### The data

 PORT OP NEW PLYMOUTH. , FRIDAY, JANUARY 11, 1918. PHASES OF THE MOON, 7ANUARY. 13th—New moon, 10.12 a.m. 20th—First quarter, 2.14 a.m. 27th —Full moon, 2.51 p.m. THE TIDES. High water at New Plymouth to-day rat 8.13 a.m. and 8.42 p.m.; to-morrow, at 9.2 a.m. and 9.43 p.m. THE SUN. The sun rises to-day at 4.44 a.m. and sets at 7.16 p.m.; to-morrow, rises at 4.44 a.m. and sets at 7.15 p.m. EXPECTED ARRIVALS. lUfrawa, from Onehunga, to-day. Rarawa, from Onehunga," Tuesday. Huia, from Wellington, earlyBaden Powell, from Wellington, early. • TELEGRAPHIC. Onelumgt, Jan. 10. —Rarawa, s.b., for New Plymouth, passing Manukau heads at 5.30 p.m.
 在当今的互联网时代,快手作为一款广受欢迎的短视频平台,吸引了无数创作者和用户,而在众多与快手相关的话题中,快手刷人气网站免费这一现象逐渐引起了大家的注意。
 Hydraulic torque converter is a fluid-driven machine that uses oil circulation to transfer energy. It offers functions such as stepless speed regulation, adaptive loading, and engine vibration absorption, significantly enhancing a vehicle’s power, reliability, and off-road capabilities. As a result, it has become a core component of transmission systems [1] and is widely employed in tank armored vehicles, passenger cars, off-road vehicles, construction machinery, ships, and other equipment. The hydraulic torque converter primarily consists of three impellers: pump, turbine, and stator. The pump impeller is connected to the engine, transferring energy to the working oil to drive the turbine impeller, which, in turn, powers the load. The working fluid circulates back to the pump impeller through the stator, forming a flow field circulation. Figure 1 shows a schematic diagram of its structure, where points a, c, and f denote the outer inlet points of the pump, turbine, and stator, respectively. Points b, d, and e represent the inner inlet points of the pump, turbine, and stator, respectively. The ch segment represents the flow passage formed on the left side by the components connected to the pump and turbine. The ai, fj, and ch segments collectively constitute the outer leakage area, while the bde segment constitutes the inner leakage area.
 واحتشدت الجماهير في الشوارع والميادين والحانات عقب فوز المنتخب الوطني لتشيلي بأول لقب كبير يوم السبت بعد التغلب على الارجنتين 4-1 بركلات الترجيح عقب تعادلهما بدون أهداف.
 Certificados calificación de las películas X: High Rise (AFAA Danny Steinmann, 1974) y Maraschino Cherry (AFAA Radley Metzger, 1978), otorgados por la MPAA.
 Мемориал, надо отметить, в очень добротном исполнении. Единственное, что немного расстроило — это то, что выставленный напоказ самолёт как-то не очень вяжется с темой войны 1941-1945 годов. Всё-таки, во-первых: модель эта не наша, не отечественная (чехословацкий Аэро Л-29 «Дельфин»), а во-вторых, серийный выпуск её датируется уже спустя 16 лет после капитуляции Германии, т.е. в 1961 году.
* * *
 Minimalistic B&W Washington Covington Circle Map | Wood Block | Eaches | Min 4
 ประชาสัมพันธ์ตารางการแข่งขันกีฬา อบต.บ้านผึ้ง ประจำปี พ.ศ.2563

### Task to complete
Copy range, inclusive: the line holding "PORT OP NEW" to the line holding "在当今的互联网时代,快手作为". Reproduce exactly those lines of the records above and no others.

### Task solution
 PORT OP NEW PLYMOUTH. , FRIDAY, JANUARY 11, 1918. PHASES OF THE MOON, 7ANUARY. 13th—New moon, 10.12 a.m. 20th—First quarter, 2.14 a.m. 27th —Full moon, 2.51 p.m. THE TIDES. High water at New Plymouth to-day rat 8.13 a.m. and 8.42 p.m.; to-morrow, at 9.2 a.m. and 9.43 p.m. THE SUN. The sun rises to-day at 4.44 a.m. and sets at 7.16 p.m.; to-morrow, rises at 4.44 a.m. and sets at 7.15 p.m. EXPECTED ARRIVALS. lUfrawa, from Onehunga, to-day. Rarawa, from Onehunga," Tuesday. Huia, from Wellington, earlyBaden Powell, from Wellington, early. • TELEGRAPHIC. Onelumgt, Jan. 10. —Rarawa, s.b., for New Plymouth, passing Manukau heads at 5.30 p.m.
 在当今的互联网时代,快手作为一款广受欢迎的短视频平台,吸引了无数创作者和用户,而在众多与快手相关的话题中,快手刷人气网站免费这一现象逐渐引起了大家的注意。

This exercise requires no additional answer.